Japanese prince finally gets a 'yes' Harvard graduate to be next empress

January 07, 1993|By Leslie Helm | Leslie Helm,Los Angeles Times

TOKYO -- The long search ended yesterday: Crown Prince Naruhito, 32, has picked a bride. Japan's future empress is a Harvard University graduate and rising star in the Foreign Ministry.

Masako Owada, 29, the eldest daughter of Vice Foreign Minister Hisashi Owada, is fluent in four languages and is widely seen as an important future asset to promoting smooth Japanese ties with the rest of the world.

The happy news dominated Japanese television last night, breaking through the pall of economic gloom that has fallen over Japan this new year. "With this news, light has come into Japan, people will regain their will to drive forward," said former Prime Minister Yasuhiro Nakasone with a smile.

Jubilant Japanese expressed joy and relief that the crown prince has found a mate after his well-publicized, five-year search. There was no official confirmation of the betrothal from the palace or the Foreign Ministry, although there was no doubt as to the veracity of reports.

Hundreds of reporters gathered last night outside the Owada home, a concrete, church-like structure with high arches, a sloping roof and narrow slit windows in a tony neighborhood of Tokyo.

"We were not prepared, and we don't know what to say," said a voice, identified as Miss Owada's mother, speaking through the intercom. She said her daughter would not talk to reporters because she had a cold.
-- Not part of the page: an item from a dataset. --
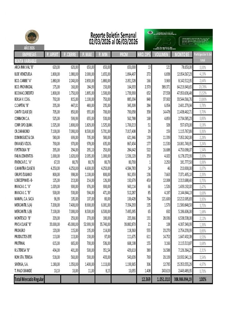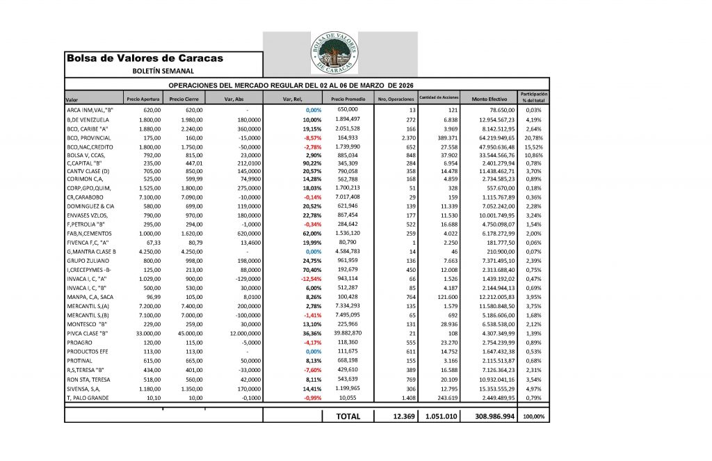 En la Bolsa de Valores de Caracas, entre el 02 y el 06 de marzo de 2026, se negoció un total de Bs 7.324.570.786,97.

Japanese reporters who follow the imperial household say they have known that Miss Owada was the crown prince's likely choice since mid-December but refrained from publicizing the news because of a voluntary ban on such reporting, which was supposed to last until Feb. 1.

Prince Naruhito, 32, became heir to the throne at the death of his grandfather, Emperor Hirohito, on Jan. 7, 1989, when his father became emperor at the age of 55.
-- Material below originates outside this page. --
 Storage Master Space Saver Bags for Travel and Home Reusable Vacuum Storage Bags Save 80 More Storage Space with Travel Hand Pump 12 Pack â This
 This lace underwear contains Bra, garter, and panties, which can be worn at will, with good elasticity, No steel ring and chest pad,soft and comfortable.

Under Japan's constitution, Prince Naruhito's choice of a wife must be confirmed by the Imperial Household Council, which includes the Speakers of both houses of Parliament and the chief justice of the Supreme Court. The group is expect

ed to meet Jan. 19.

But the Japanese government is not only sure to bless the marriage, observers say it also probably will stage so grand a wedding that some have suggested it could even help lift the Japanese economy out of the recession. Speculation is that the wedding will be in May.

When Prince Naruhito's parents wed in April 1959, it sparked a surge in television sales, and the date is considered a milestone in the rise of modern, industrial Japan. Analysts say the wedding date also will have an important bearing on the timing of a general election for the lower house of Parliament.
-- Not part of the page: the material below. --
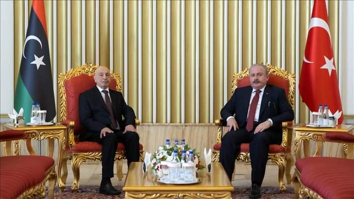 وصل رئيس مجلس النواب المستشار عقيلة صالح يوم الاثنين ، إلى العاصمة التركية أنقرة ، وكان في استقباله رئيس مجموعة الصداقة الليبية التركية بمجلس الأمة التركي احمد يلدز رفقة لفيف حكومي رفيع المستوى وخلال الزيارة الرسمية عقد رئيس المجلس اجتماعاً موسعاً برئيس البرلمان التركي مصطفى شنطوب في مقر البرلمان التركي، حيث تم بحث العلاقات الثنائية وتوطيد العلاقات البرلمانية بين البلدين من جانبه أشار المستشار صالح إلى وجود روابط تاريخية بين الشعبين التركي والليبي، وأنه من الواجب ترك جميع قنوات الحوار مفتوحة من أجل إحلال الاستقرار والسلام في ليبيا ونوه رئيس مجلس النواب أيضاً أن أولوية الحكومة الجديدة التي تشكلت في ليبيا وحصلت على ثقة مجلس النواب، هي ضمان إجراء الانتخابات البرلمانية والرئاسية في البلاد ، كما وأشار إلى أهمية دعم تركيا للجهود المبذولة لإحلال السلام والاستقرار في ليبيا كما أوضح شنطوب أن تعزيز العلاقات بين برلماني البلدين سينعكس إيجابياً على باقي المجالات والقطاعات ، ذاكرا ان تأسيس مجموعة الصداقة التركية الليبية داخل البرلمان التركي، بهدف تطوير العلاقات مع ليبيا وأن الحفاظ على وحدة الأراضي الليبية يستحوذ على أهمية بالغة بالنسبة لتركيا

As for the bride-to-be, she will be only the second commoner to marry a Japanese crown prince. Empress Michiko was the first when she married Prince Akihito, now emperor and Naruhito's father.

Miss Owada spent much of her young life overseas. She graduated from Belmont High School in suburban Boston before studying economics at Harvard. She entered Tokyo University's Law Department but almost immediately passed the examination, giving her entry to the Foreign Ministry.

It is highly unusual for someone who has not attended one of Japan's elite universities to become a career bureaucrat. But soon after she joined the Foreign Ministry in 1986, she was sent by the ministry to study international relations at Oxford University.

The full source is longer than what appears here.